(Problem statement) Begin with the line that holds "訪問介護スタッフの方が纏めた廃棄物の確認をしながら仕分け作業を進めます。" and retype through the last line of the listing below, exactly; pictures are not part of the copy.

(Information provided)

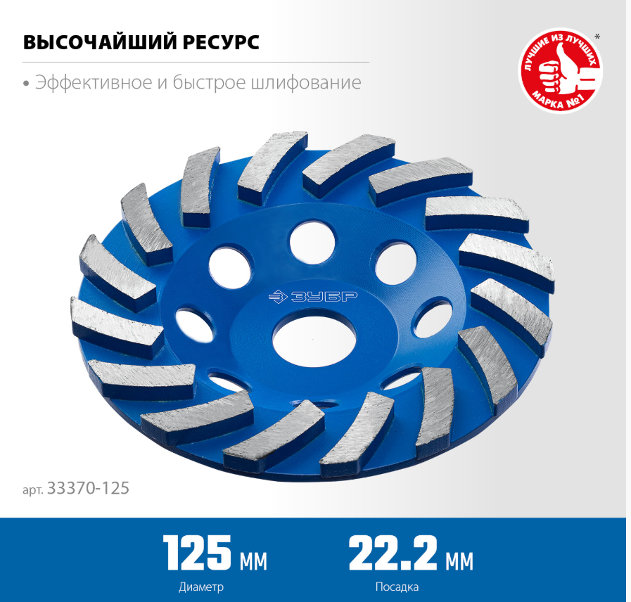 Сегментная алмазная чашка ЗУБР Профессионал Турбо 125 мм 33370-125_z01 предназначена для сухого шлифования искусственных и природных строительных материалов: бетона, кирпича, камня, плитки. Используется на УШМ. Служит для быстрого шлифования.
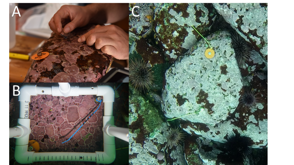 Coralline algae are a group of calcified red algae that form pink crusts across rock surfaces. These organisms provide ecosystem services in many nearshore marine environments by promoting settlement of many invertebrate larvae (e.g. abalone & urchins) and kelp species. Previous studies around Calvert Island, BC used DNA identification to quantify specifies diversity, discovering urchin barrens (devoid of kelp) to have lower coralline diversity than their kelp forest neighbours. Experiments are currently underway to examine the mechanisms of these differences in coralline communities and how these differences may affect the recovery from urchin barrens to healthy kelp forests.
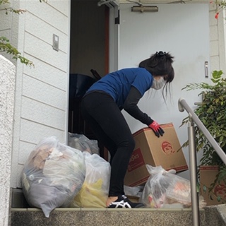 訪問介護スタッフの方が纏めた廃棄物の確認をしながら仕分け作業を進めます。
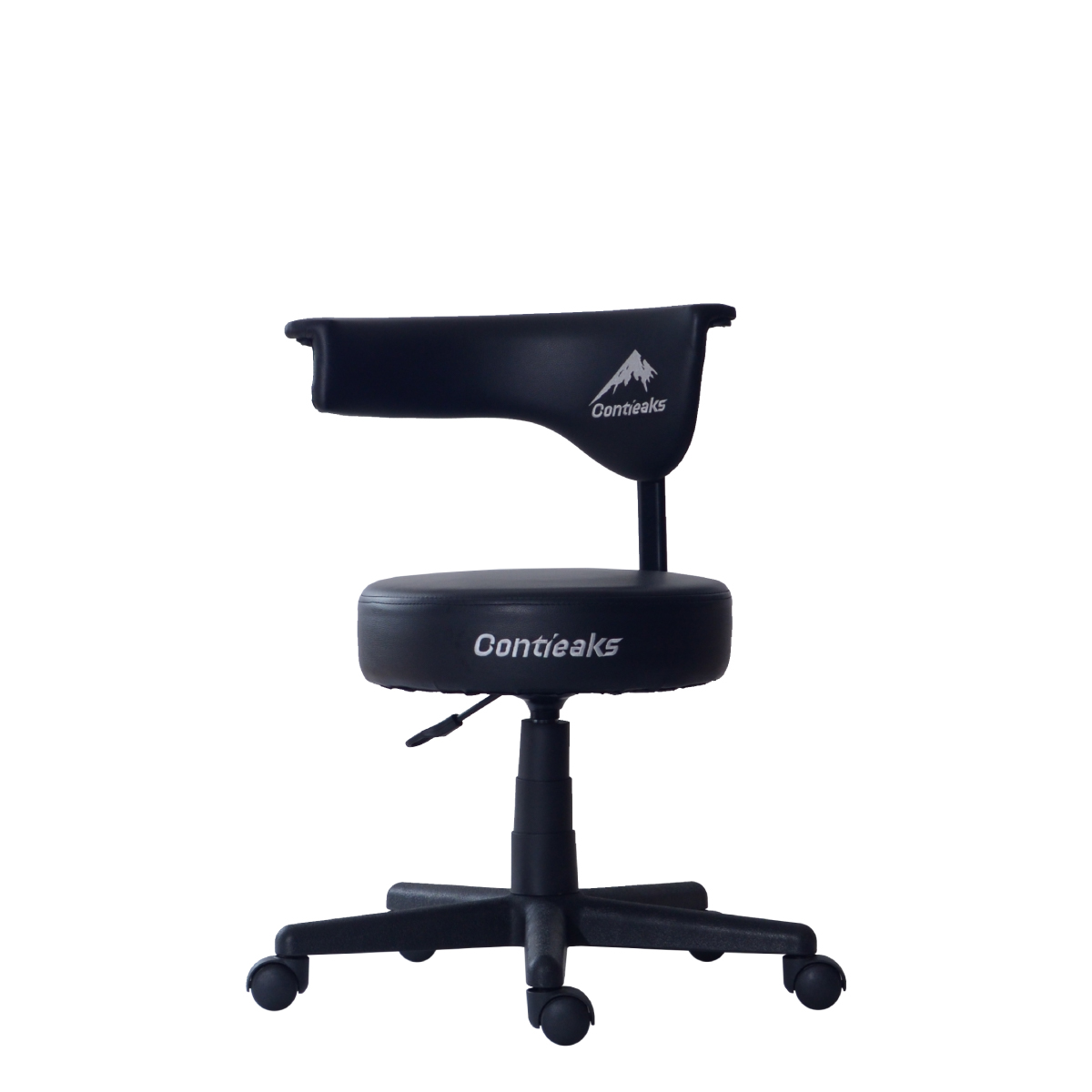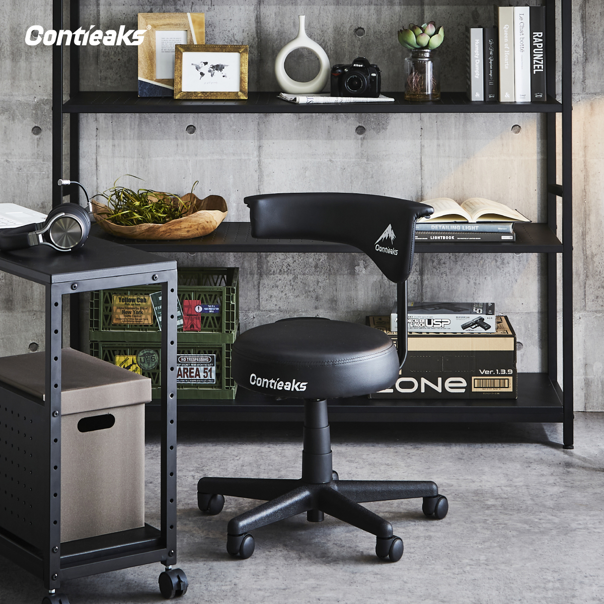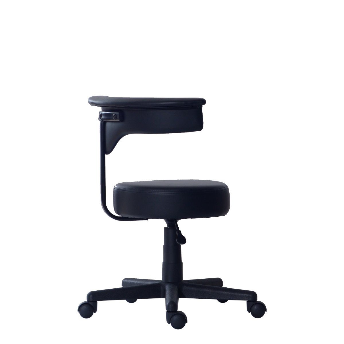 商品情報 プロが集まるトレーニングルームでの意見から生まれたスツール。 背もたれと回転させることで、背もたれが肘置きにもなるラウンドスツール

(Task result)
 訪問介護スタッフの方が纏めた廃棄物の確認をしながら仕分け作業を進めます。
 商品情報 プロが集まるトレーニングルームでの意見から生まれたスツール。 背もたれと回転させることで、背もたれが肘置きにもなるラウンドスツール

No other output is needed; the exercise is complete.